#### WHAT YOU WILL DO:
Pictures stay out of the output. Return exactly the lines below from the one with "2025.10.0210月2" down to the one with "It works by", both included, and nothing more.

#### MATERIAL PROVIDED:
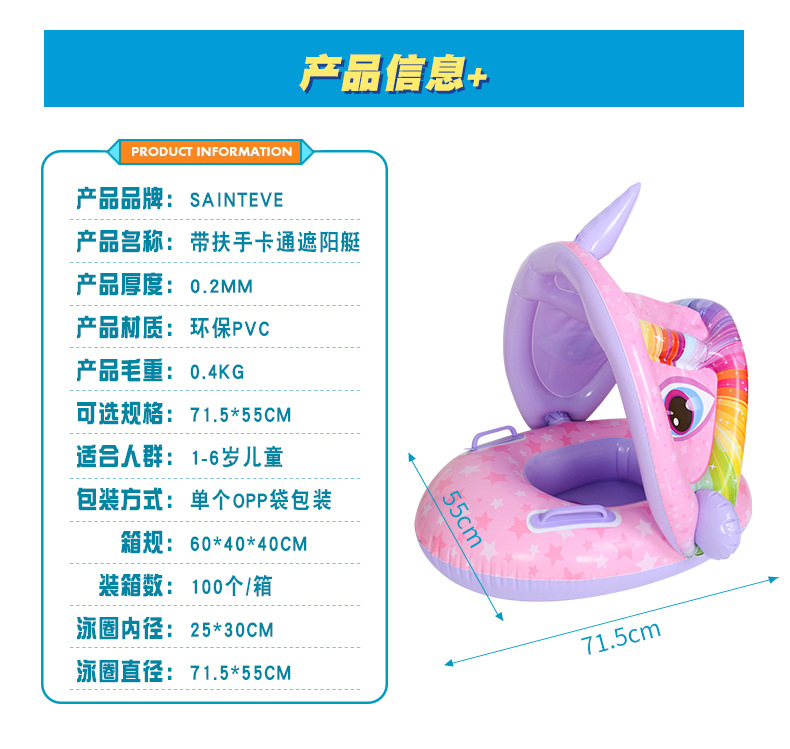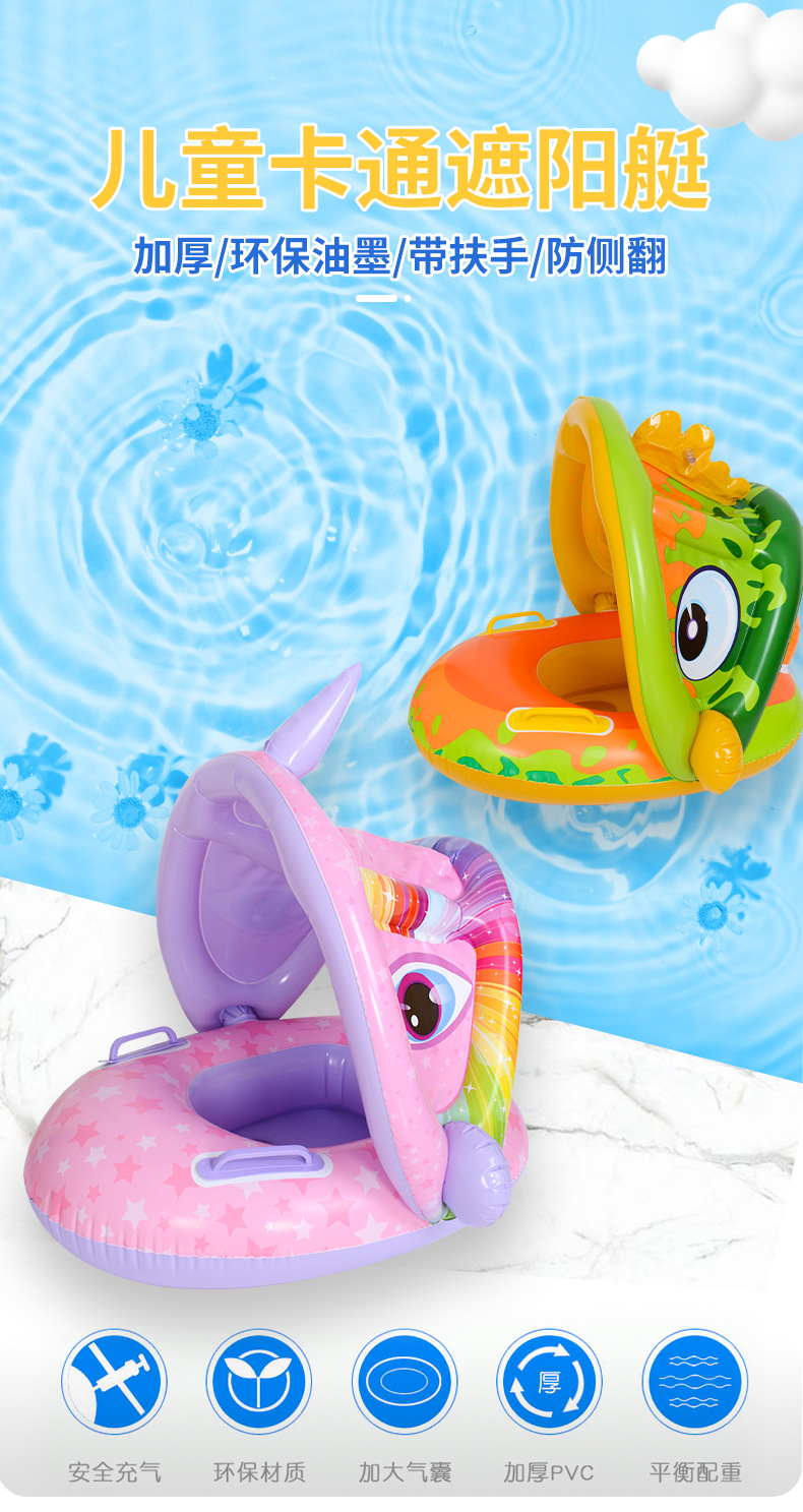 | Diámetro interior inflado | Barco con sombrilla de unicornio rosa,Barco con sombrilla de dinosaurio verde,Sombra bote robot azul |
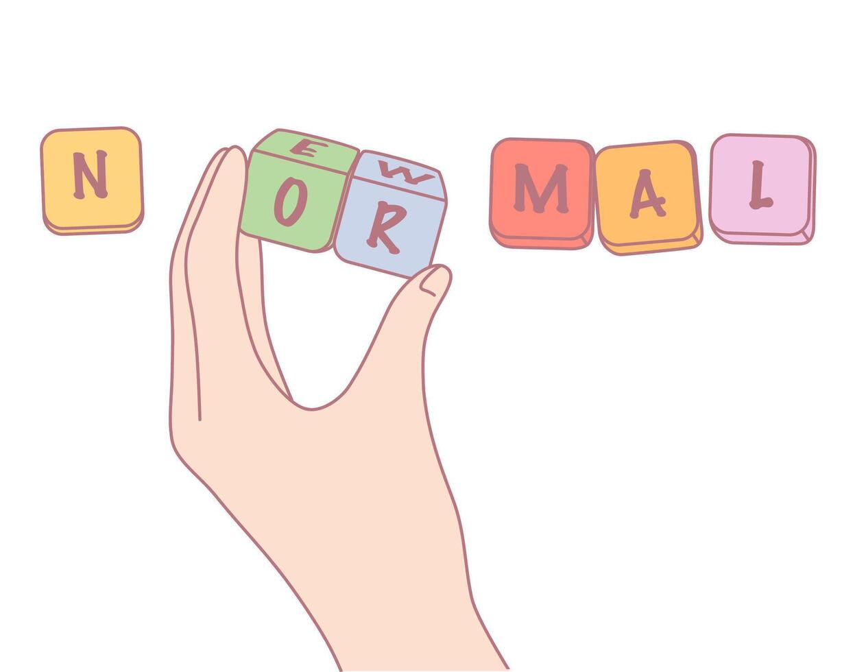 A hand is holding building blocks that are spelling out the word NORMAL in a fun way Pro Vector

--

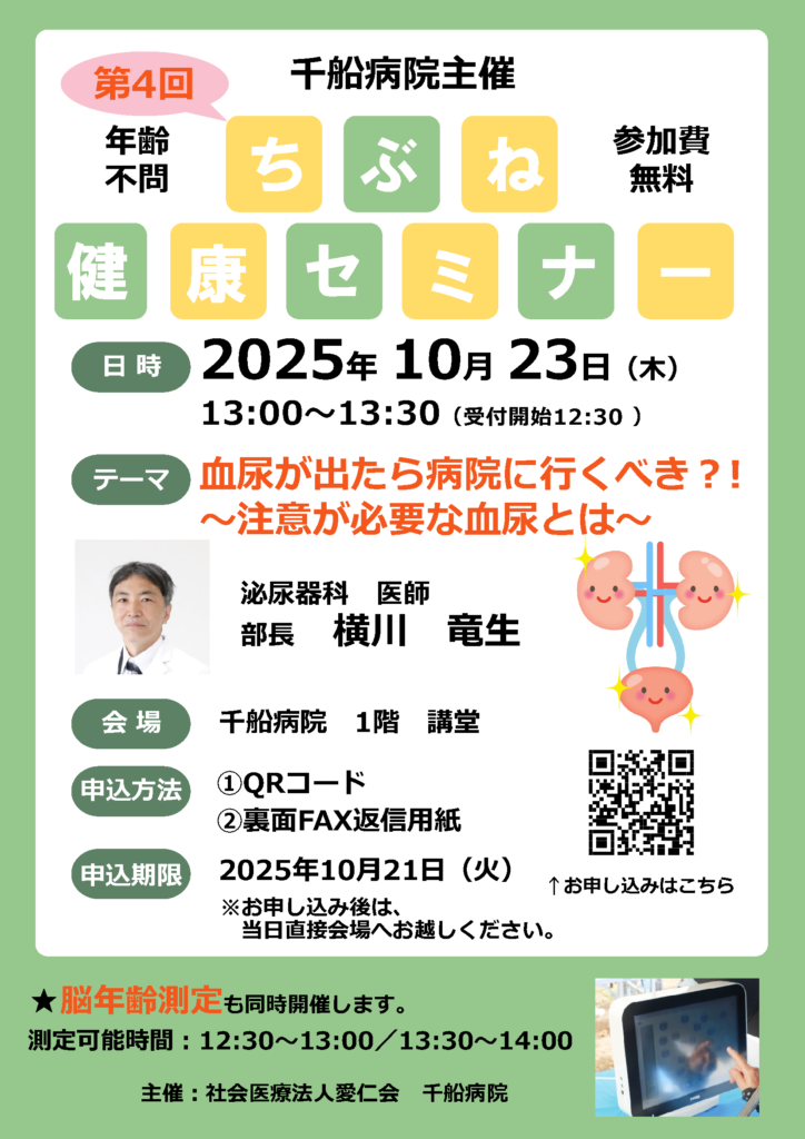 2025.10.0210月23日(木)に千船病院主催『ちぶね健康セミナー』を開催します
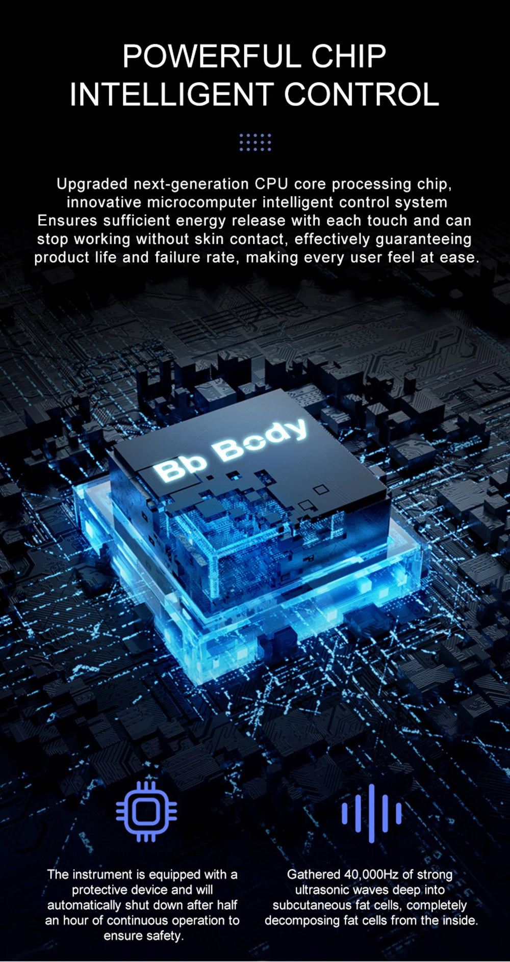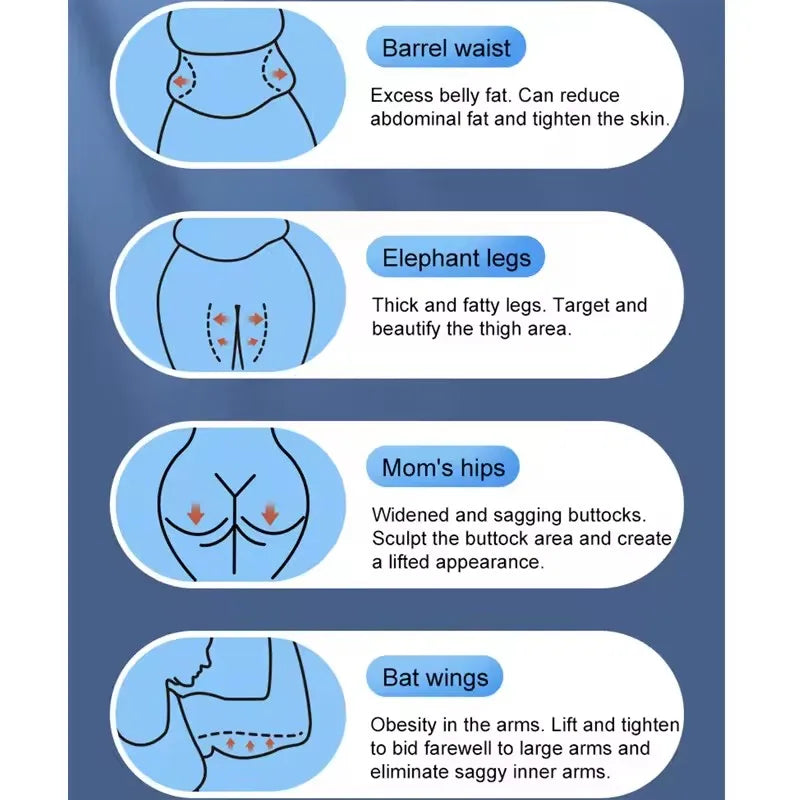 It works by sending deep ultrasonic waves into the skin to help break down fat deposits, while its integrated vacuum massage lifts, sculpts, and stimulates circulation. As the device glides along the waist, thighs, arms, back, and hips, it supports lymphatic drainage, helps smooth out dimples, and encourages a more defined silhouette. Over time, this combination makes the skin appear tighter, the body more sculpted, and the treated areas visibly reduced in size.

#### EXERCISE RESULT:
 2025.10.0210月23日(木)に千船病院主催『ちぶね健康セミナー』を開催します
 It works by sending deep ultrasonic waves into the skin to help break down fat deposits, while its integrated vacuum massage lifts, sculpts, and stimulates circulation. As the device glides along the waist, thighs, arms, back, and hips, it supports lymphatic drainage, helps smooth out dimples, and encourages a more defined silhouette. Over time, this combination makes the skin appear tighter, the body more sculpted, and the treated areas visibly reduced in size.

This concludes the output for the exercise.